The great lyric from Nahko and Medicine for the People often brings me to reflect on what brought me to this moment, my “here and now”. It would take a million books to encompass the vast array of events which lead to beginning this journey. There were several journeys that I travelled which ultimately lead to this moment and my practice. Like I have been known to say, “It isn’t a light switch…it’s a process”. Throughout this process, I had a musically spiritually guide, which was Nahko and Medicine for the People. I am forever grateful to them for their “musical medicine”.
I began seeing signs. I viewed them as “strange coincidence” at first, but after the universe kept throwing them my direction, I was forced to sit back and reflect. “Okay, what is going on here?” So I followed them…not without a lot of questioning and self-doubt…not without trying to back out of this terrifying journey several times…not without extreme hardship. There was something pulling me and it was too strong to ignore.
Most often, there is a huge change or event which forces you to look inside and make other changes in your life. The initial, most drastic change in my case was divorce, but can be anything in your life: a job change, a move, an accident or near-accident, etc. I needed a change from my environment, my circumstances, and my current situation. I didn’t know what would happen; I couldn’t control how it would play out; I felt like I had no idea what the hell I was doing. It was terrifying! And it didn’t come without great cost to those whom I love and myself. It was not easy.
There was a lot of back and forth. I wasn’t sure that I was making the “right” decision. One day, I was overcome by this internal knowing that I was leaving my marriage. There was no giant fight, no crazy sign, I just knew. After my separation, there was a lot of uncertainty. Everything was different. It took so much from me before making the final decision to leave that I didn’t think much further than the leaving part. I didn’t know where to go from there. The next few months consisted a lot of me trying to heal forcibly. I did everything but allow the process to occur naturally.

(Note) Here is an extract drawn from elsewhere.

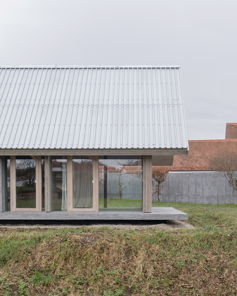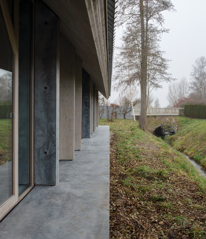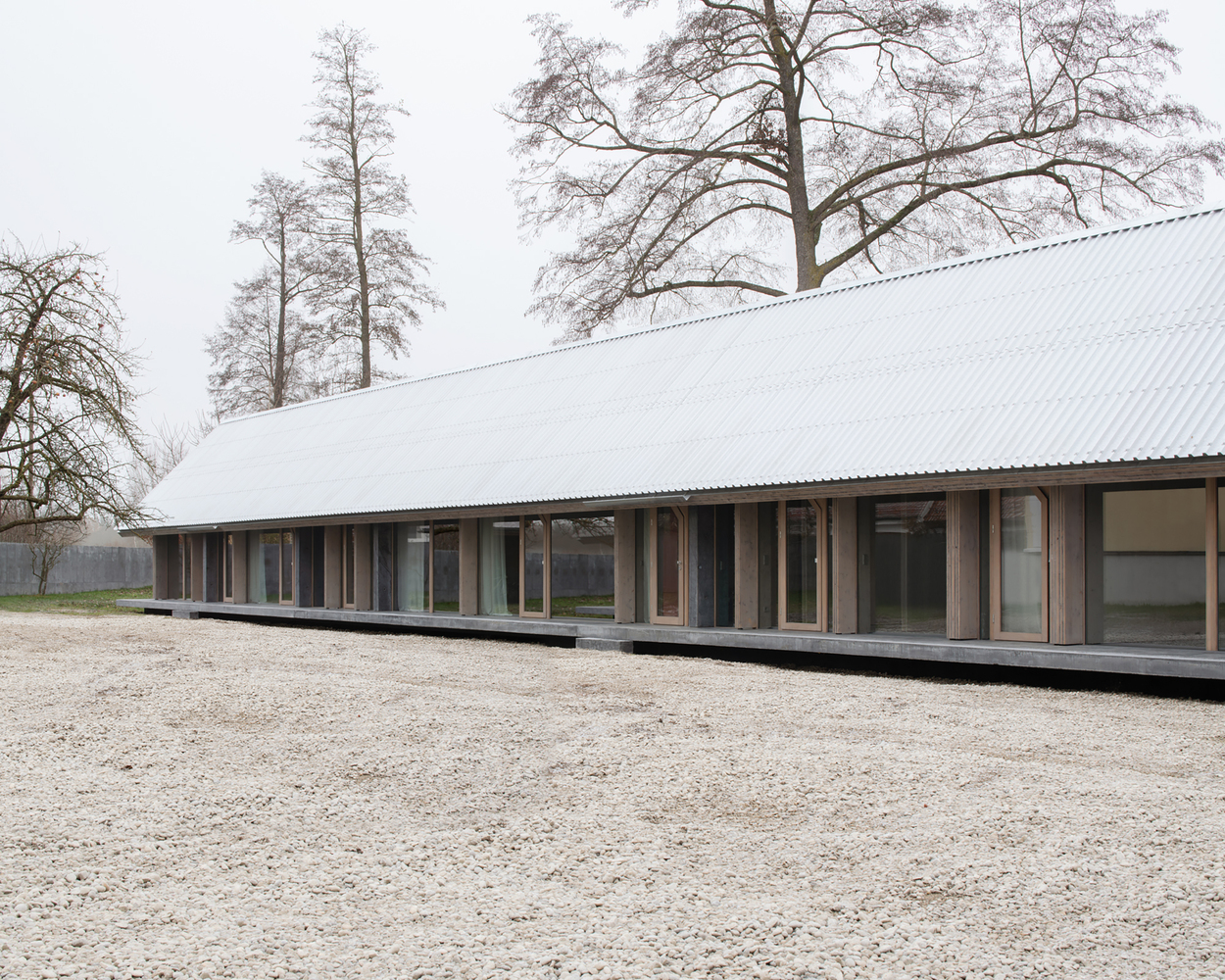 6x60 House is a one-storey building settled along a stream. It hosts three apartments with different dimensions, belonging to three members of the same family. The building is located between two different surroundings: wide agricultural fields and a far forest on one side, and the main road of the village on the other. In order to detach the house from the ground, a system of piles has been used to support the concrete slab on which 21 parallel walls are resting and supporting a pitched roof. 3 concrete steps located along the South-East side permit to access to the porch on the platform, from where it is possible to walk all around the building and access the apartments.

I always dabbled in mental and physical fitness, only ever really committing to running. Throughout the process of coming to terms with my decision to leave my marriage, I went to some yoga classes, starting meditating some again, started to connect to crystals again, and was running fairly often. After losing my marriage commitment, I lost commitment to pretty much everything. I struggled to get myself together. Some people speak of an “aha moment”. I feel I had many, I just didn’t have the mental or physical strength to carry them out at that moment. I pushed myself to get some routine together to get back into fitness. I thought if I could just get back into running everyday, I would be fine. If I just surrounded myself with people, I would be okay. If I went to a yoga class every week, I would be more grounded. If I immersed myself in work, I would be better. It was causing more stress and it was exhausting. That was not my intention at all. In fact, it was the exact opposite of my intention.
Don’t get me wrong, getting out for a run, being around friends and family, going to yoga classes, and losing myself in work helped, but trying to commit my broken self to anything was not going to happen. I was all over the place, trying to find my center and settle into the newness of being on my own. I began playing guitar and singing again. It was the first thing that I did with no agenda. I sang what I wanted, when I wanted, and however long I wanted. I had no restrictions or commitments to my guitar. The freedom and ease allowed for my healing. I played for hours at night, after the kids were in bed. I needed to get it out in a way that focused only on my mind and emotions. Such is the process. You must head in a direction, hold onto your intention, however, allow the process to happen naturally.
One day, I woke up and said to myself, “I need to get on the yoga mat today. I don’t care how, where, when, or with who, but it needs to happen.” This was different than the other times when I had said that I needed to because I felt I should. I had an internal knowing that the mat was where I felt I needed to be that day, so I followed that intuition. This “internal knowing” was not the only one besides my decision to leave my marriage that I had felt. In fact, they were coming more frequently now that I had opened myself up to the possibility that they meant something. Or perhaps I was just listening more closely. I was not reluctant at all to follow it and attended a great yoga class that day.
I ended up doing yoga and/or running almost everyday since that day on the mat. Initially, there was the process of integrating the things that I knew would help, yet didn't have the energy to commit to yet. This process lead to my process of allowing yoga, meditation, running (my “moving meditation”), yoga philosophy, and holistic healing into my life. It transformed my life. Slowly…because it is a process, not a light switch.